The Kigali Summits on Neglected Tropical Diseases and Malaria, 2020 and 2022, were convened in Kigali and attended by some leading global health voices, world leaders, leading WHO figures, humanitarians, scientific experts, global influencers, and community champions. The Summits issued Calls to Action on the actions needed to end malaria and NTDs. Many delegates had signed the Kigali Declaration and committed to raising funds to accelerate the WHO/NTD 2030 roadmap progress [4].

Despite all this massive international recognition of the NTDs, mycetoma, which is the most neglected of the neglected diseases, had meagre attention. Still, only a few of the research funding bodies had included mycetoma in their priority funding list, few international research consortia on mycetoma were established, it is not on many countries’ health priority agenda, not a reported disease yet, and no new drug for mycetoma is in the pipeline. Furthermore, there is no mycetoma preventive or control measurement or programme yet, and early case detection and management are the only tools to reduce the disease burden. There is no point-of-care diagnostic test for mycetoma hence the late presentation of most of the affected patients [5].

At present, in the area of NTDs, there is an innovation gap, a lack of investment in research and development (R&D), and the traditional challenges involved in the drug discovery process are still existing. Between 2000 and 2011, among 756 new drugs approved, only four new chemical entities (NCEs) were identified for the treatment of malaria, while none were developed against NTDs or tuberculosis. Only 1.4% of approximately 150,000 clinical trials were registered for neglected diseases, with a smaller number of trials for NCEs [6].

For most of the NTDs and mycetoma in particular, the current treatment options are ineffective or have many side effects that limit their use. Following the trend of “big data” in the last few decades, the amount of chemogenomics data has increased significantly. Despite the small amount of NTD data compared to “high-income country” illnesses, the application of computer-aided drug design (CADD) using data available from public repositories affects millions of people and helps accelerate the discovery of potentially life-threatening new treatments. Many NCEs can be designed and discovered by the recent advances in the application of in silico methods, including structure-based and ligand-based drug design, virtual demonstration, quantitative structure–activity relationship, and machine learning, as they can accelerate NCEs discovery [7].

To date, there is only one drug for eumycetoma treatment: itraconazole. Despite the good in vitro activity of voriconazole and posaconazole, their uses in clinical practice are limited because of the longer treatment duration, their high cost, and the relative lack of studies regarding their response.

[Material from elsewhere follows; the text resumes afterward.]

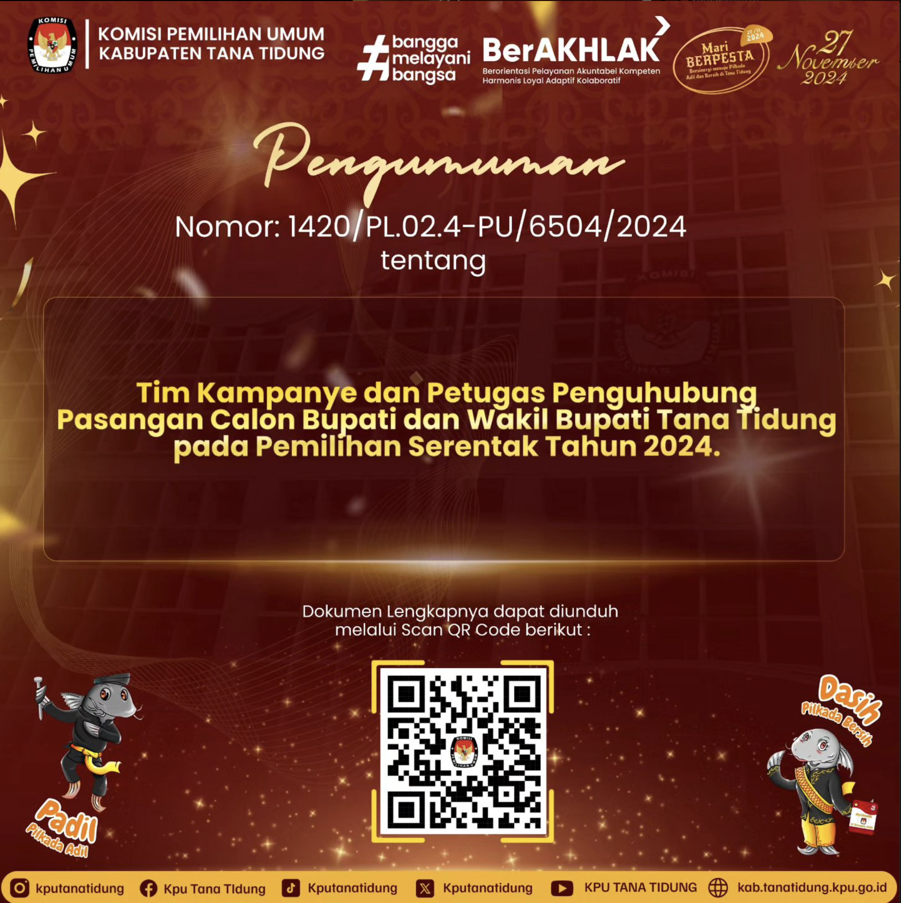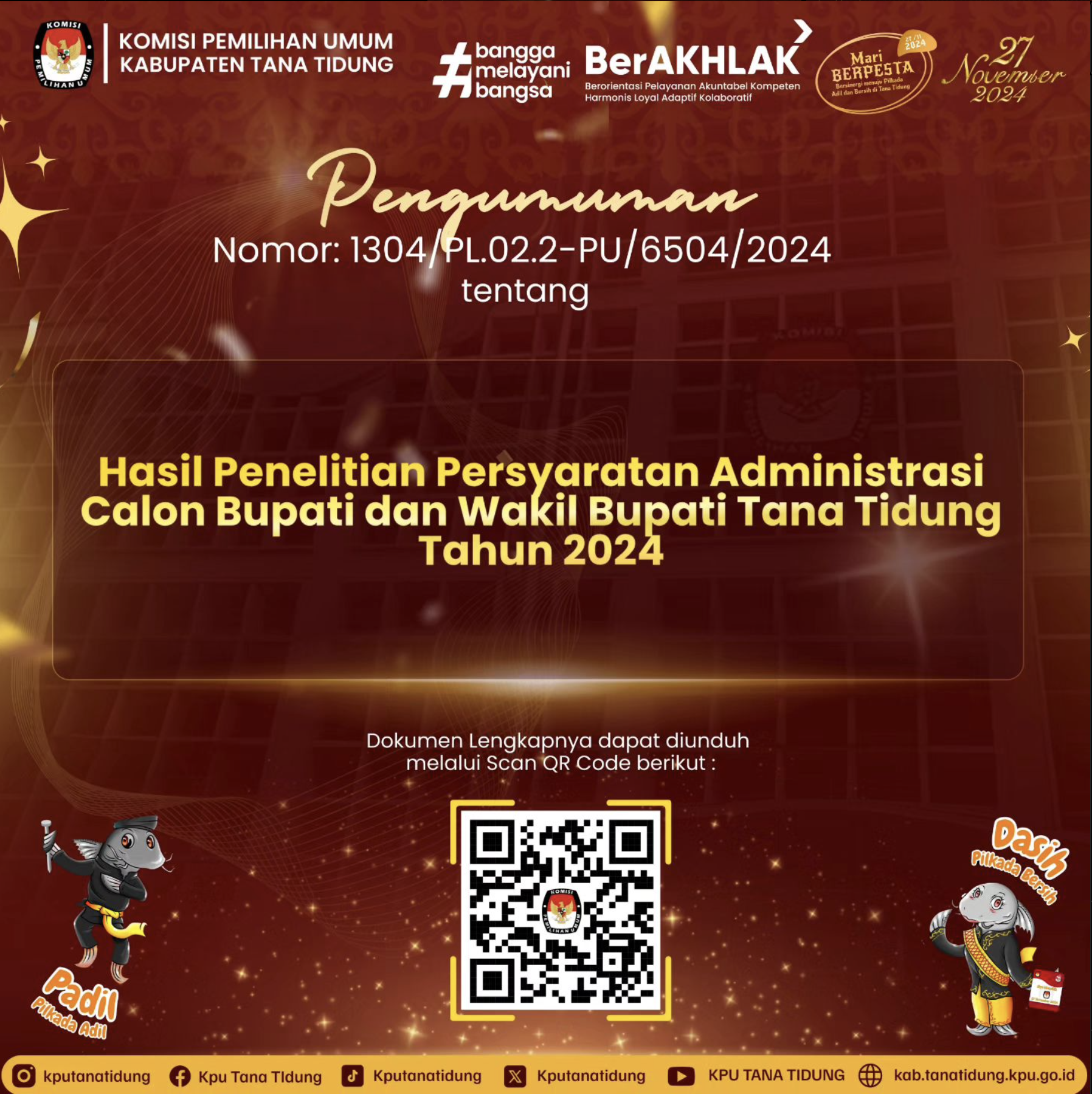 Mari kita sukseskan Pemilihan Bupati dan Wakil Bupati Tana Tidung Tahun 2024 dengan semangat kebersamaan, keterbukaan, dan demokrasi yang sehat.
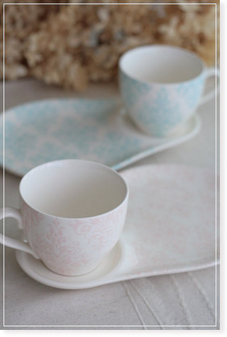 唐草の転写紙のカップ&ソーサー。

Fosravuconazole, a prodrug of ravuconazole, is the only drug currently in a clinical trial for eumycetoma, comparing its efficacy to itraconazole. It is the first double-blinded, randomized clinical trial (NCT03086226) sponsored by the Drugs for Neglected Diseases Initiative (DNDi), carried out at the Mycetoma Research Center, Sudan, in collaboration with Eisai. Great expectations are placed on fosravuconazole based on its lower side effects and favourable pharmacokinetic profile [8]. Postoperatively, the application of amphotericin B-impregnated absorbable calcium sulfate beads (Stimulan) into the bony defects showed good clinical outcomes with lesser side effects [9].

A recent study showed novel agents with different mechanisms of action were tested for skin NTDs [7]. Presently, some specific pathways to block important fungal molecules for the early discovery of future antifungal pipelines, such as Calcineurin, sphingolipid synthesis of small G-binging proteins, Trehalose pathway, the mitogen-activated protein kinase, and the high-osmolarity glycerol, were reported [8].